Auch das MIT veröffentlichte ein öffentliches KI-Risiko-Repository mit mehr als 700 Risiken auf der Grundlage von über 40 verschiedenen Rahmenwerken, mit Zitaten und Risikotaxonomien..
KI kann auch Gutes tun
Ebenso wichtig ist es, sich die Vorteile von KI vor Augen zu halten - und eine Reihe von Bemühungen war darauf ausgerichtet, diese positiven Fähigkeiten hervorzuheben.
Den Bösewichten ein Schnippchen schlagen
Der Einsatz von KI zur Entdeckung von Schwachstellen und Exploits wurde viel beachtet. KI ist zwar nicht immer erforderlich, kann aber in Situationen mit hoher Komplexität und vielen Unbekannten hervorragende Ergebnisse liefern. Das Frontier Model Forum stellte fest, dass die Entdeckung von Schwachstellen und deren Patchen ein zunehmender Bereich der KI-Stärke ist, was zum Teil auf die zunehmende Verwendung von Code-Beispielen beim Post-Training und zum Teil auf die Erweiterung von Kontextfenstern zurückzuführen ist. KI kann auch die Sammlung von Open Source-Informationen und die Berichterstattung durch Echtzeitüberwachung und -analyse, Trenderkennung und mehr unterstützen.

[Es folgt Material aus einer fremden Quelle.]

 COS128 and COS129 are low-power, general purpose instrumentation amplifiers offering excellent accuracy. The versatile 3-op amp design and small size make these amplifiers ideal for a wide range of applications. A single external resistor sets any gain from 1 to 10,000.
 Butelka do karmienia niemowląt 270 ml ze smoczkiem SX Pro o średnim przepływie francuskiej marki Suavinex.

Wir sind der Meinung, dass die agentenbasierte KI diese Fähigkeiten durch eine Kombination aus Tools, Daten und Planung erweitern wird. Die Kombination der agentenbasierten Nutzung von Reverse-Engineering-Tools wie Ida, Ghidra und Binary Ninja mit Code-Ähnlichkeit, architektonischer RAG und Algorithmus-Identifikation für kompilierten Code könnte ein mächtiger Hebel im Wettrüsten der Cybersicherheit sein.

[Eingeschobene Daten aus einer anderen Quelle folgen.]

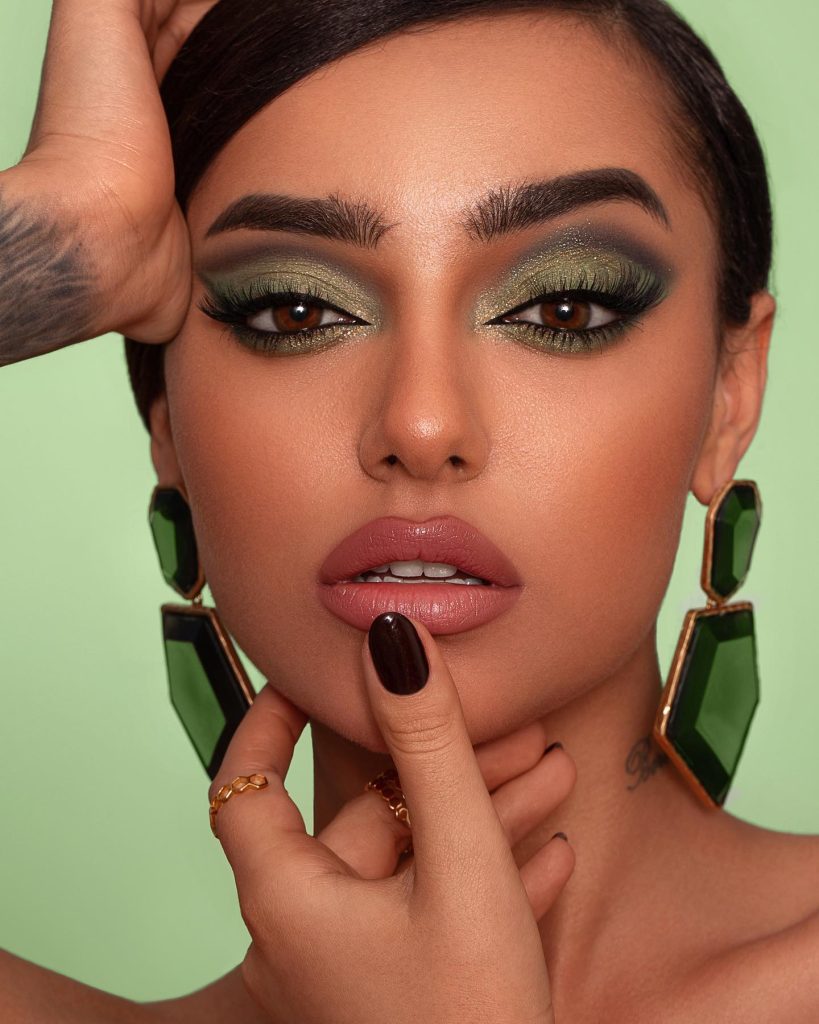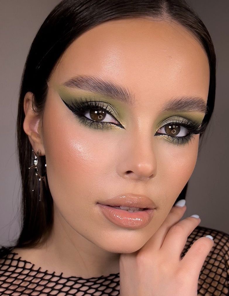 In this makeup look that is entirely devoted to olive tones, sophistication and earthliness are combined with a modern touch. The eyelids are covered with a gradient from olive to darker green, giving the look more depth and drama. This eye highlight totally suits the warm skin tone of a person and is perfectly matched with the matte nude lips for an overall elegant look. It is a suitable option for office attire as well as for any other occasion that needs a chic touch.

Trend nahm am Pariser Friedensforum 2024 teil und kündigte seine Partnerschaft mit dem Forum bei der Entwicklung von Leitlinien für die sichere Einführung und Umsetzung von KI an. Wie Martin Tisné, CEO der AI Collaborative, auf dem Forumstreffen sagte, ist es am wichtigsten, sicherzustellen, dass KI von Anfang an ergebnisorientiert ist, damit ihre Entwicklung und ihr Einsatz mit dem Nutzen für die Gesellschaft übereinstimmen.
Wie geht es weiter?
Aus den KI-Trends 2024 geht klar hervor, dass sich die Innovation nicht so bald verlangsamen wird: Die vollständige agententechnische Revolution steht noch bevor, und mit ihr kommen neue Möglichkeiten für Regulierungsbehörden, neue Fähigkeiten für Cyberkriminelle, die sie zu Waffen machen können, und neue Möglichkeiten für Cyberverteidiger, die digitale Welt proaktiv zu sichern.